EXERCISE |
Drop every image, then reproduce the data exactly as given.

GIVEN DATA |

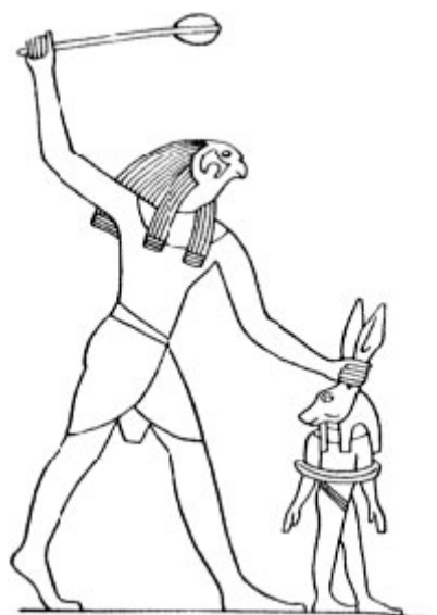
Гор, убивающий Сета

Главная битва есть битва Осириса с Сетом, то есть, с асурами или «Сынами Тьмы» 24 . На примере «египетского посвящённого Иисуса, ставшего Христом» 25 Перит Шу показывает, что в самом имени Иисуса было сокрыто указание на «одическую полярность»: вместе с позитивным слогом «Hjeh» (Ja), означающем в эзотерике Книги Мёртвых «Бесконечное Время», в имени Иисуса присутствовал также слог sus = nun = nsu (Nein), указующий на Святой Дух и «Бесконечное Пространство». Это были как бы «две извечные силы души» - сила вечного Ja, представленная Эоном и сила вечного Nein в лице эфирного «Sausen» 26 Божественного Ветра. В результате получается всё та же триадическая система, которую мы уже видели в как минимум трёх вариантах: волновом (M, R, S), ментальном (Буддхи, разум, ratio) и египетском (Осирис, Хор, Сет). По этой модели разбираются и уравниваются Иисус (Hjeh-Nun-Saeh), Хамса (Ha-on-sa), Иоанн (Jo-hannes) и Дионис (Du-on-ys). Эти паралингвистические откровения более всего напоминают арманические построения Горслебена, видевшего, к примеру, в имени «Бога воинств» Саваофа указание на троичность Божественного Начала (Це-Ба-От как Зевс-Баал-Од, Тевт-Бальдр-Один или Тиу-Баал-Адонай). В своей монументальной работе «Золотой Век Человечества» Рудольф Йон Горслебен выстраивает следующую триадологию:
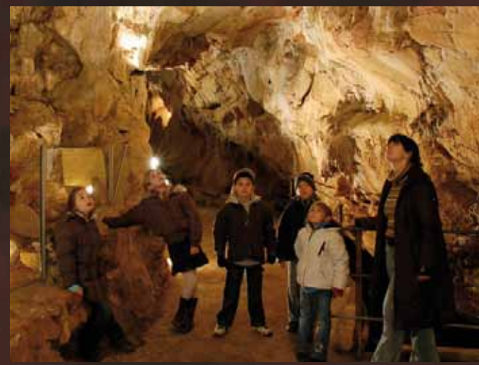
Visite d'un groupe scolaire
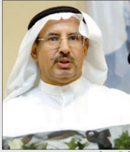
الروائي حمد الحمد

RESULT BELOW |
Гор, убивающий Сета

Главная битва есть битва Осириса с Сетом, то есть, с асурами или «Сынами Тьмы» 24 . На примере «египетского посвящённого Иисуса, ставшего Христом» 25 Перит Шу показывает, что в самом имени Иисуса было сокрыто указание на «одическую полярность»: вместе с позитивным слогом «Hjeh» (Ja), означающем в эзотерике Книги Мёртвых «Бесконечное Время», в имени Иисуса присутствовал также слог sus = nun = nsu (Nein), указующий на Святой Дух и «Бесконечное Пространство». Это были как бы «две извечные силы души» - сила вечного Ja, представленная Эоном и сила вечного Nein в лице эфирного «Sausen» 26 Божественного Ветра. В результате получается всё та же триадическая система, которую мы уже видели в как минимум трёх вариантах: волновом (M, R, S), ментальном (Буддхи, разум, ratio) и египетском (Осирис, Хор, Сет). По этой модели разбираются и уравниваются Иисус (Hjeh-Nun-Saeh), Хамса (Ha-on-sa), Иоанн (Jo-hannes) и Дионис (Du-on-ys). Эти паралингвистические откровения более всего напоминают арманические построения Горслебена, видевшего, к примеру, в имени «Бога воинств» Саваофа указание на троичность Божественного Начала (Це-Ба-От как Зевс-Баал-Од, Тевт-Бальдр-Один или Тиу-Баал-Адонай). В своей монументальной работе «Золотой Век Человечества» Рудольф Йон Горслебен выстраивает следующую триадологию:
Visite d'un groupe scolaire
الروائي حمد الحمد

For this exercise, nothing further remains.